Letters from our readers
Emergency coverage crisis
The June 2005 issue of the Bulletin contained a reference to the State of Hawaii/Queen’s Medical Center conference (“From the States—In Brief”) regarding the overloaded trauma system there. It included a statement that because physicians on the outer islands are refusing to take emergency room (ER) trauma call, many cases are flown to Oahu for care at the Queen’s Medical Center. The situation is much more complicated than the simple treatment it received in the article.
In many of the outer-island hospitals in Hawaii, there are simply too few orthopaedic surgeons (one or two in some locations) to provide 24/7/365 ER coverage. We have not “refused” to take call; we have individually decided that our time is not unlimited, and that, while we feel an obligation to assist the hospitals and the communities with their responsibility to provide this care under EMTALA [Emergency Medical Treatment and Active Labor Act], we cannot go on providing uncompensated coverage because we need to save our financially threatened, often solo-office, practices and family lives.
The situation may require a significant financial contribution from the communities and hospital systems to balance the burden and satisfy the EMTALA requirement (money for call). Otherwise, those patients who are unfortunate enough to have a severe injury on an “uncovered day” will need to be transported to where more available facilities exist. On Oahu, there is a residency program that provides doctors to admit patients at night or on weekends when needed. And on-call physicians are compensated with a modest stipend (on the order of $1,000 per night) to be on duty.
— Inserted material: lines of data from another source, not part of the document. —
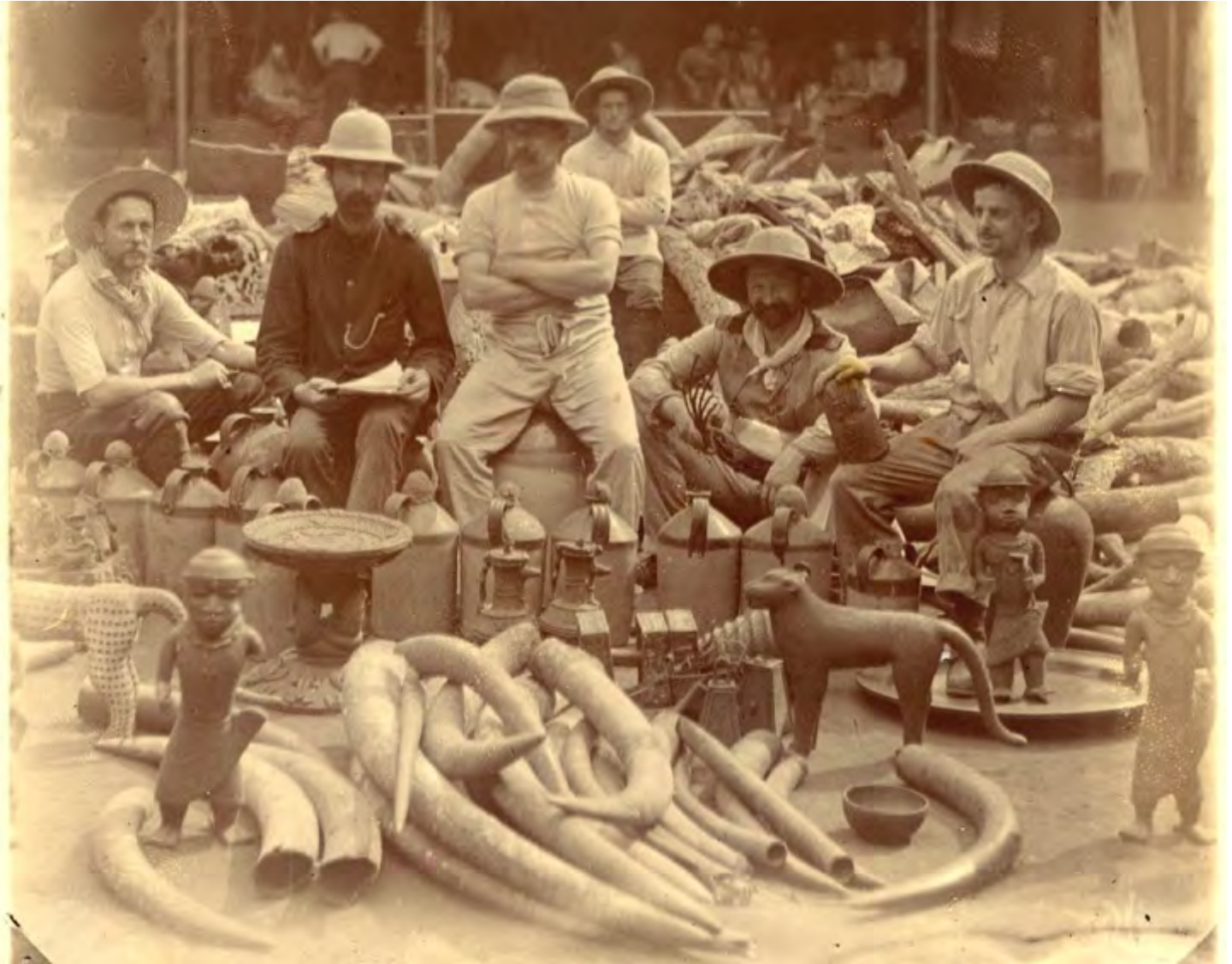
(Detail) British soldiers posing with works of art of the City of Benin, Sir Harry Holdsworth Rawson, Benin City, Edo State, Nigeria, 1897.

It was Britain's so-called Punitive Expedition of 1897, which destroyed the Kingdom's capital, Benin City. The accompanying looting, which could also be considered an act of iconoclasm, scattered many of these plaques and ivories into new networks of circulation. Pictured here, British soldiers surrounded by looted works of art, from that time.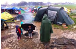
Refugees face ongoing hardship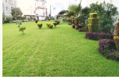
ACTUAL PARK IMAGE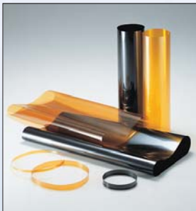
Polyimide seamless belt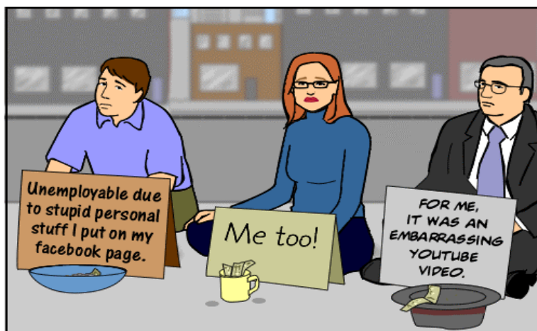
Signs of the social networking times.

The state legislature balked at the opportunity to lend financial support to the Queen’s Medical Center in the last legislative session. A consequence of the unfunded EMTALA mandate is that hospitals on the outer islands are facing an increasingly difficult time transferring cases to Queen’s, where traumatology-type care is available, because physicians there are at times refusing or delaying the transfer with threatening overtones of invoking or promoting EMTALA violation investigations of orthopaedists who are not officially on call on the outer-island hospitals.
With a significant financial contribution to make taking an ER call not such a practice money-loser (because of lost office revenue, lost sleep and elective cases canceled to care for patients coming into the ER), the market approach should be able to solve the problem very effectively. Until this happens, the residents and visitors to the outer islands will face an increasingly difficult time receiving care. As the level of compensation for orthopaedic services in our quasi-monopolistic insurance market declines (90 percent of the health insurance market is cornered by the Kaiser system and the Blue Cross carrier [HMSA]), the incentives for young orthopedists to move here continue to decline. The high cost of living and the difficulty in making enough to cover the costs of doing business will continue to escalate.
As in other areas of the country, the Medicare fee schedule reductions will likely force some of us out of practice in the coming years, making the situation worse. If society deems it a necessity to provide 24/7/365 coverage, it will need to pay for it.
Charles A. Soma, MD
Wailuku, Maui, Hawaii
Thank you for reporting on the emergency coverage crisis in Hawaii (Bulletin, June 2005). Your writer is misinformed, however, about the cause of the crisis. All hospital staff orthopaedic surgeons in Hawaii provide emergency coverage as required by their hospital. The crisis has many causes—one being that Queen’s Medical Center, the state’s only trauma center and the orthopaedic residency training center, has only two orthopaedic surgeons providing emergency coverage. The residents of Hawaii are indebted to these surgeons and need to express thanks for their hard work.
Unfortunately the present situation is unsustainable. The orthopaedic community needs to continue to demand changes by hospital boards, state and federal government and private insurers to resolve the crisis.
Robert D. Irvine, MD
Minimally-invasive hip replacement
I enjoyed the August 2005 Bulletin Point/Counterpoint on “minimally-invasive” hip replacement (“Less invasive hip replacement makes sense”). This clearly is a topic of stimulating debate. As a young, fellowship-trained joint surgeon who performs a fair amount of revision total hips, I was disappointed to see Dr. Sculco’s suggestion (number 5 of 7 lessons learned) to use monoblock acetabular components to make the procedure “less problematic.”
With many of these “minimally invasive” total hip replacements being performed in younger patients who often will require revision surgery, I question the wisdom of using a component with poor revision options. Especially when we consider that poor visibility may lead to poor cup position and early liner wear.
Gregory M. Martin, MD
Delray Beach, Fla.
Pay for performance
I am disturbed by the letter from David Hubler, MD, which was published in the June 2005 issue of the Bulletin. I hope and expect his second paragraph, “Physicians give better care to patients who pay more for their performance. Same good idea!” was written after a long, frustrating weekend of call.
We all must realize that providing quality of care based on level of reimbursement is unethical. Once any surgeon agrees to treat a patient, the surgeon will provide the best care that he or she is capable of, regardless of the patient’s social and/or economic status. This is what we are all trained to do and what society expects of us. I believe most members of the AAOS will agree with me. It may be worthwhile to remind AAOS members of our moral and ethical obligations every time we renew our membership.